Turning to the other category, we considered possible mechanisms by which new heritable traits might arise. The ideas involving epigenetics, evo-devo, and symbiogenesis are somewhat speculative but at least plausible. More importantly, there are at least two known mechanisms by which new traits can arise: mutation and genetic recombination. Genetic recombination obviously occurs, as demonstrated in Mendel’s experiments. Mutation also occurs frequently, as seen in the Long Term Evolution Experiment and innumerable other studies. So, there are numerous plausible mechanisms by which life could evolve, and there is abundant evidence that many of these processes do occur frequently. These facts make significant evolutionary change (macroevolution) seem inevitable, especially if life has been around for billions of years.
In response to this line of reasoning, some Christians have noted that finding plausible mechanisms by which life could undergo significant evolutionary change doesn’t show that it did, much less that all living things descended from a single-celled ancestor. Many old-earth creationists, and even some young-earth creationists, believe that God supernaturally created just a few original kinds of organisms (perhaps at the taxonomic rank of “order” or “family”) then ordained evolutionary mechanisms to diversify those original kinds into the many species we see today.
Other critics of evolution, and even some advocates of the evolutionary doctrine of universal common descent, have challenged the idea that unguided natural processes can explain the origin of truly novel body structures, organs, and biochemical machinery. For example, biochemist Michael Behe has argued that many of the complicated molecular machines found in living cells are irreducibly complex, meaning that their complexity cannot be reduced without complete loss of function. In other words, a high level of complexity is required for these biochemical machines to function at all. It is difficult to see how undirected processes like random mutation and natural selection could produce such irreducibly complex structures, Behe points out. Since the transitional forms leading up to these biochemical machines would have been useless encumbrances, they should have been eliminated by natural selection.Michael Behe, Darwin’s Black Box: The Biochemical Challenge to Evolution (New York: Free Press, 1996)

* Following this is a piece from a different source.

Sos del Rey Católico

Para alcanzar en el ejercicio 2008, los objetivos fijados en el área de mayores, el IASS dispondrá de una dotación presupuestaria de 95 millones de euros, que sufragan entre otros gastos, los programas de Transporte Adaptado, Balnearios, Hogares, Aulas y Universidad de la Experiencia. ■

Behe’s 1996 book Darwin’s Black Box set off a firestorm of controversy and a series of hasty (often sloppy) attempts to debunk his arguments about irreducible complexity. We’ll consider his main argument, along with some rebuttals to it, in Chapter 11. For now, it is worth mentioning that Behe is a devout Christian in the Catholic tradition, yet he sees no conflict between his faith and mainstream evolutionary science. He accepts the claim that all life descended from a common ancestor. His objection to evolution concerns only the explanatory adequacy of the mechanisms mentioned above.

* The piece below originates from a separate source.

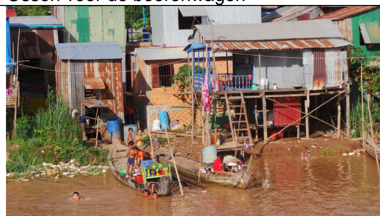
Aan de Mekong leven en spelen.

Behe raised another challenge to the mechanisms of mutation and natural selection in his more recent book Darwin Devolves (2019). There, he argued that those two mechanisms work together to limit evolutionary change. In brief, the problem is that beneficial mutations are usually destructive in the sense that they destroy or degrade functional genes. Since immediate benefits often can be gained by disabling genes that are not needed in the present environment, destructive mutations and natural selection together tend to eliminate functional genes more quickly than constructive mutations can build new ones. Behe calls this the “The First Rule of Adaptive Evolution: Break or blunt any functional gene whose loss would increase the number of a species’s offspring.”Michael J. Behe, Darwin Devolves: The New Science About DNA That Challenges Evolution (New York: HarperCollins, 2019) (Destructive mutations that confer resistance to malaria, mentioned on the previous page, exemplify the rule.) This observation casts further doubt on the claim that increasingly function-rich genomes are the likely result of random mutation and natural selection.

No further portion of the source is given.